Sumber : Tempo, 22 Juli 2016
Politikus Partai Demokrasi Indonesia Perjuangan Eva Kusuma Sundari meminta Presiden Joko Widodo membentuk Komisi Kebenaran dan Rekonsiliasi untuk menyelesaikan tragedi 1965. Meskipun Indonesia tidak meratifikasi Statuta Roma, Jokowi seharusnya memperhatikan rekomendasi dari International People’s Tribunal (IPT).
Menurut Eva, Jokowi juga mesti mempertimbangkan hasil dari kedua simposium soal tragedi 1965 di Jakarta beberapa waktu lalu. “Banyak negara, termasuk Amerika Latin dan Afrika, membentuk Komisi Kebenaran dan Rekonsiliasi lewat Keputusan Presiden,” kata Eva dalam keterangan tertulisnya, Jumat, 22 Juli 2016.
Eva mengatakan temuan-temuan tersebut menyimpulkan telah terjadi beberapa pelanggaran hukum internasional nasional dalam tragedi 1965, yakni pembunuhan massal, pemenjaraan, penghilangan paksa, kekerasan seksual, diskriminasi terhadap korban dan masyarakat keturunan, dan sebagainya.
“Kita tak bisa terus-menerus tak mau menutup tragedi 1965. Kita tak boleh meninggalkan pekerjaan besar ini kepada anak atau cucu kita.
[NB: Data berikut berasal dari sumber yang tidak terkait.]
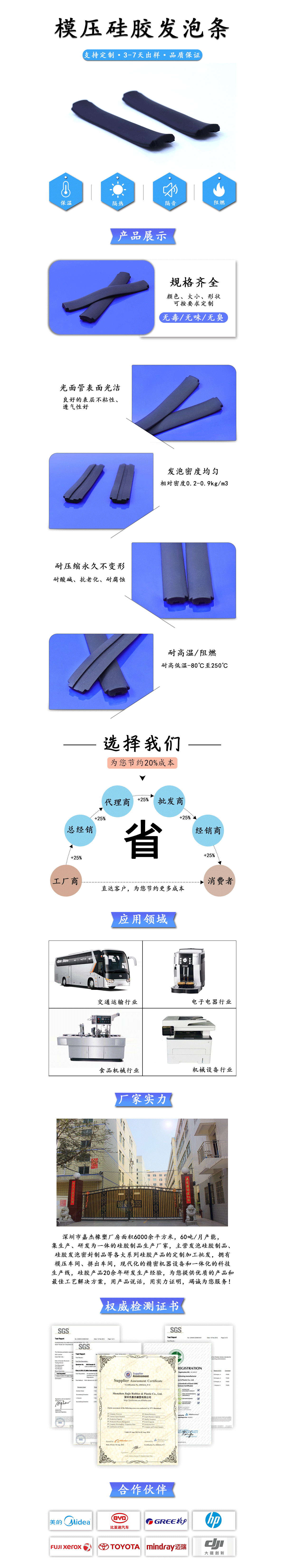 模壓硅膠發泡條: 采用優質硅膠原料制作,安全無毒無味、顏色、大小、形狀可按要求定制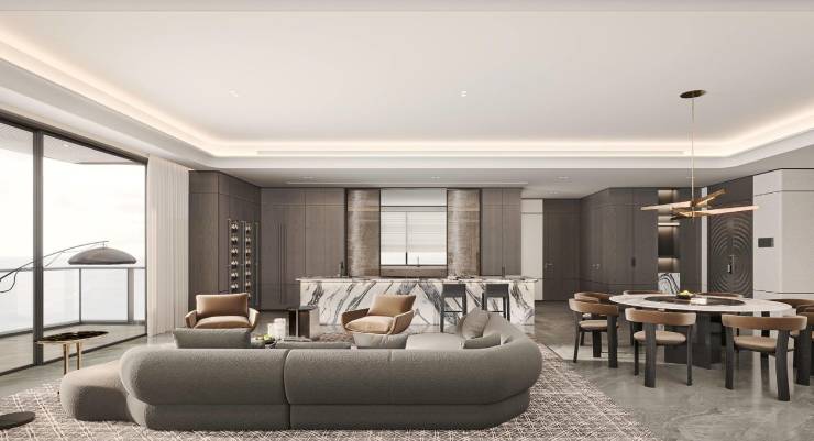 突破传统设计理念,打破同质化/复制化的产品模式,以“海洋灵动曲线”为设计语言,运用石材+铝板+金属+大面积玻璃组合,重新定义海居大平层奢宅。

Kita harus melakukan rekonsiliasi, dan rekonsiliasi harus dilakukan berdasarkan sesuatu dan sesuatu tersebut adalah kebenaran,” katanya.
Menurut Eva, terdapat tiga tujuan dalam pembentukan komisi kebenaran tersebut, yakni pencarian kebenaran dengan memberikan tempat dan waktu kepada para korban dan keturunannya serta beberapa pelaku pembunuhan untuk bersaksi dan memberikan perlindungan kepada mereka yang hendak bersaksi dari intimidasi dan diskriminasi.
Selain itu, Eva berujar, komisi kebenaran dibentuk untuk memberikan restorasi terhadap hak para korban dan keturunannya yang selama ini mengalami diskriminasi akibat tragedi 1965. “Komisi ini akan membuka forum kesaksian di berbagai kota. Komisi akan merekam dan mencatat kesaksian,” tuturnya.
Setelah itu, menurut Eva, kesaksian tersebut dapat dibukukan atau ditampilkan di sebuah situs sehingga dapat menjadi acuan bagi masyarakat untuk belajar mengenai kebenaran kasus 1965. “Presiden Jokowi akan melakukan hal yang sangat berguna buat masa depan bangsa Indonesia dengan membentuk komisi kebenaran,” katanya.
Eva pun menyarankan, jumlah anggota Komisi Kebenaran dan Rekonsiliasi ganjil. “Bisa 7-15 orang, bekerja selama tiga tahun. Hasilnya adalah sebuah buku putih,” ujarnya. Eva menambahkan, “Temuan dan rekomendasi dari Den Haag sebenarnya tidak berbeda dari temuan Komnas HAM karena kebenaran sejarah tidak bisa dibelokkan.”
Sayangnya, Eva menilai, pemerintah yang lalu tidak memiliki kemauan untuk menyelesaikan kasus 1965, di mana Kejaksaan Agung menggantungkan laporan Komnas HAM terkait kasus 1965. “Presiden sepatutnya menjadi pemutus lingkaran propaganda pengingkaran fakta pelanggaran HAM kepada para korban 1965,” katanya.
Menurut Eva, penyelesaian tragedi 1965 melalui mekanisme komisi kebenaran merupakan langkah paling tepat karena korbannya bukan saja keluarga PKI, melainkan juga Bung Karno, aktivis PNI, serta para anggota militer. “Saatnya kita jadi bangsa yang dewasa, mengakui kesalahan masa lalu agar bisa melakukan lompatan maju,” ujar Eva.